*WHAT IS REQUIRED*
Every single entry should be printed exactly.
Start of Block
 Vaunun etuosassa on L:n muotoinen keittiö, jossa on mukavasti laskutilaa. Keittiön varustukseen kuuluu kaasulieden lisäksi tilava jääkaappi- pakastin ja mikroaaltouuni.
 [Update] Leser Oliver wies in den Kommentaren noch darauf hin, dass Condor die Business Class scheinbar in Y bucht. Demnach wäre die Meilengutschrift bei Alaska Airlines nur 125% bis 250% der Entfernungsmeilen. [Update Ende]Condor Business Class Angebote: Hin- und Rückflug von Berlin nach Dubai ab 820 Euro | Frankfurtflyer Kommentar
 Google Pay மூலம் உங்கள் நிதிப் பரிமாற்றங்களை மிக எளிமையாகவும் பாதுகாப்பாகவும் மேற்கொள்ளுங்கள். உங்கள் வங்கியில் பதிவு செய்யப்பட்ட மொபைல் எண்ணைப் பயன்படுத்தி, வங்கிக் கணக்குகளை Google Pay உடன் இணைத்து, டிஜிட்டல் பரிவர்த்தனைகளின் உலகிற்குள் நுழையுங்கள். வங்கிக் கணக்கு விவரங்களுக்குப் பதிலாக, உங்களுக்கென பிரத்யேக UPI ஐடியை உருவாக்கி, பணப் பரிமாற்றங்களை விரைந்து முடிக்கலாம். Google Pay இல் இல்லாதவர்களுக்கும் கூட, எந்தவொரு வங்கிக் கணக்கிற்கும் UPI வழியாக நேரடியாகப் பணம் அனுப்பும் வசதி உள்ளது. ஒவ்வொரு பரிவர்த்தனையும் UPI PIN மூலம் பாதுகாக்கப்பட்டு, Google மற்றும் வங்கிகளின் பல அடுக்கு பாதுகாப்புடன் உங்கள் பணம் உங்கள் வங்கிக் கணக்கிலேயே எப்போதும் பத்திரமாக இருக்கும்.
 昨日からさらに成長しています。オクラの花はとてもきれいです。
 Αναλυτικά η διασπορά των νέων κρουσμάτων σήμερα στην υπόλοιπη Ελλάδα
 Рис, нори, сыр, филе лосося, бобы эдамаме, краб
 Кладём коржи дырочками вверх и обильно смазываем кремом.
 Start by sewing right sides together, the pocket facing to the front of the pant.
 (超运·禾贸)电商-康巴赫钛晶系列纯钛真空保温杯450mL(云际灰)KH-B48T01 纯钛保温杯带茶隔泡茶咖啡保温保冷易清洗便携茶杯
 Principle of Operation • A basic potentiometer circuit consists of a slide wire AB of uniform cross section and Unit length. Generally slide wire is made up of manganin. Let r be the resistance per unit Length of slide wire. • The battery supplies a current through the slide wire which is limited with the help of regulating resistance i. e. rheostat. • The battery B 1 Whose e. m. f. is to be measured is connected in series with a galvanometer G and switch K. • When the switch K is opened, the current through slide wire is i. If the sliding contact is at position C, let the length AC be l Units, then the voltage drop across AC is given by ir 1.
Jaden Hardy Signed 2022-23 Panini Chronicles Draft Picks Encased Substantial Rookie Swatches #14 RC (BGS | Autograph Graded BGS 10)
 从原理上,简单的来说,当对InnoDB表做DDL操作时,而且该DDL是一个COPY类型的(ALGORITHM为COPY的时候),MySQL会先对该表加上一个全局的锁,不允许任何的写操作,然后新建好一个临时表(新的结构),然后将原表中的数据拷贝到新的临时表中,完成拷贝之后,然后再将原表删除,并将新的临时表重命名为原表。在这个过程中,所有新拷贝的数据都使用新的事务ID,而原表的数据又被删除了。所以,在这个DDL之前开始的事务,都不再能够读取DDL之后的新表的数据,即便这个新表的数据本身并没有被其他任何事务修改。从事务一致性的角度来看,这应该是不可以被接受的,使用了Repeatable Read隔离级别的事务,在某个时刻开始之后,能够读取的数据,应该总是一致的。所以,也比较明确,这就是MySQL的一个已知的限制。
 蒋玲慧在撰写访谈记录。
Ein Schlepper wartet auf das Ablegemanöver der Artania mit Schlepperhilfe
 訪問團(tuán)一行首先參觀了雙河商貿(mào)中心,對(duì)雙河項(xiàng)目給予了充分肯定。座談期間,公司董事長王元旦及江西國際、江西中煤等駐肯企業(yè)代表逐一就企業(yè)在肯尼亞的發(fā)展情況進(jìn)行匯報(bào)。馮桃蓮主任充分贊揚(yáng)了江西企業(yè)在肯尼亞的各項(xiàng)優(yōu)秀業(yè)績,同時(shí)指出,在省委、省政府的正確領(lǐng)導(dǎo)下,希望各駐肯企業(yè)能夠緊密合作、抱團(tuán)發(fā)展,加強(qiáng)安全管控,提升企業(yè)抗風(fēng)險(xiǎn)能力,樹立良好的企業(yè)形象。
End of Block
*RESULT BELOW*
 Vaunun etuosassa on L:n muotoinen keittiö, jossa on mukavasti laskutilaa. Keittiön varustukseen kuuluu kaasulieden lisäksi tilava jääkaappi- pakastin ja mikroaaltouuni.
 [Update] Leser Oliver wies in den Kommentaren noch darauf hin, dass Condor die Business Class scheinbar in Y bucht. Demnach wäre die Meilengutschrift bei Alaska Airlines nur 125% bis 250% der Entfernungsmeilen. [Update Ende]Condor Business Class Angebote: Hin- und Rückflug von Berlin nach Dubai ab 820 Euro | Frankfurtflyer Kommentar
 Google Pay மூலம் உங்கள் நிதிப் பரிமாற்றங்களை மிக எளிமையாகவும் பாதுகாப்பாகவும் மேற்கொள்ளுங்கள். உங்கள் வங்கியில் பதிவு செய்யப்பட்ட மொபைல் எண்ணைப் பயன்படுத்தி, வங்கிக் கணக்குகளை Google Pay உடன் இணைத்து, டிஜிட்டல் பரிவர்த்தனைகளின் உலகிற்குள் நுழையுங்கள். வங்கிக் கணக்கு விவரங்களுக்குப் பதிலாக, உங்களுக்கென பிரத்யேக UPI ஐடியை உருவாக்கி, பணப் பரிமாற்றங்களை விரைந்து முடிக்கலாம். Google Pay இல் இல்லாதவர்களுக்கும் கூட, எந்தவொரு வங்கிக் கணக்கிற்கும் UPI வழியாக நேரடியாகப் பணம் அனுப்பும் வசதி உள்ளது. ஒவ்வொரு பரிவர்த்தனையும் UPI PIN மூலம் பாதுகாக்கப்பட்டு, Google மற்றும் வங்கிகளின் பல அடுக்கு பாதுகாப்புடன் உங்கள் பணம் உங்கள் வங்கிக் கணக்கிலேயே எப்போதும் பத்திரமாக இருக்கும்.
 昨日からさらに成長しています。オクラの花はとてもきれいです。
 Αναλυτικά η διασπορά των νέων κρουσμάτων σήμερα στην υπόλοιπη Ελλάδα
 Рис, нори, сыр, филе лосося, бобы эдамаме, краб
 Кладём коржи дырочками вверх и обильно смазываем кремом.
 Start by sewing right sides together, the pocket facing to the front of the pant.
 (超运·禾贸)电商-康巴赫钛晶系列纯钛真空保温杯450mL(云际灰)KH-B48T01 纯钛保温杯带茶隔泡茶咖啡保温保冷易清洗便携茶杯
 Principle of Operation • A basic potentiometer circuit consists of a slide wire AB of uniform cross section and Unit length. Generally slide wire is made up of manganin. Let r be the resistance per unit Length of slide wire. • The battery supplies a current through the slide wire which is limited with the help of regulating resistance i. e. rheostat. • The battery B 1 Whose e. m. f. is to be measured is connected in series with a galvanometer G and switch K. • When the switch K is opened, the current through slide wire is i. If the sliding contact is at position C, let the length AC be l Units, then the voltage drop across AC is given by ir 1.
Jaden Hardy Signed 2022-23 Panini Chronicles Draft Picks Encased Substantial Rookie Swatches #14 RC (BGS | Autograph Graded BGS 10)
 从原理上,简单的来说,当对InnoDB表做DDL操作时,而且该DDL是一个COPY类型的(ALGORITHM为COPY的时候),MySQL会先对该表加上一个全局的锁,不允许任何的写操作,然后新建好一个临时表(新的结构),然后将原表中的数据拷贝到新的临时表中,完成拷贝之后,然后再将原表删除,并将新的临时表重命名为原表。在这个过程中,所有新拷贝的数据都使用新的事务ID,而原表的数据又被删除了。所以,在这个DDL之前开始的事务,都不再能够读取DDL之后的新表的数据,即便这个新表的数据本身并没有被其他任何事务修改。从事务一致性的角度来看,这应该是不可以被接受的,使用了Repeatable Read隔离级别的事务,在某个时刻开始之后,能够读取的数据,应该总是一致的。所以,也比较明确,这就是MySQL的一个已知的限制。
 蒋玲慧在撰写访谈记录。
Ein Schlepper wartet auf das Ablegemanöver der Artania mit Schlepperhilfe
 訪問團(tuán)一行首先參觀了雙河商貿(mào)中心,對(duì)雙河項(xiàng)目給予了充分肯定。座談期間,公司董事長王元旦及江西國際、江西中煤等駐肯企業(yè)代表逐一就企業(yè)在肯尼亞的發(fā)展情況進(jìn)行匯報(bào)。馮桃蓮主任充分贊揚(yáng)了江西企業(yè)在肯尼亞的各項(xiàng)優(yōu)秀業(yè)績,同時(shí)指出,在省委、省政府的正確領(lǐng)導(dǎo)下,希望各駐肯企業(yè)能夠緊密合作、抱團(tuán)發(fā)展,加強(qiáng)安全管控,提升企業(yè)抗風(fēng)險(xiǎn)能力,樹立良好的企業(yè)形象。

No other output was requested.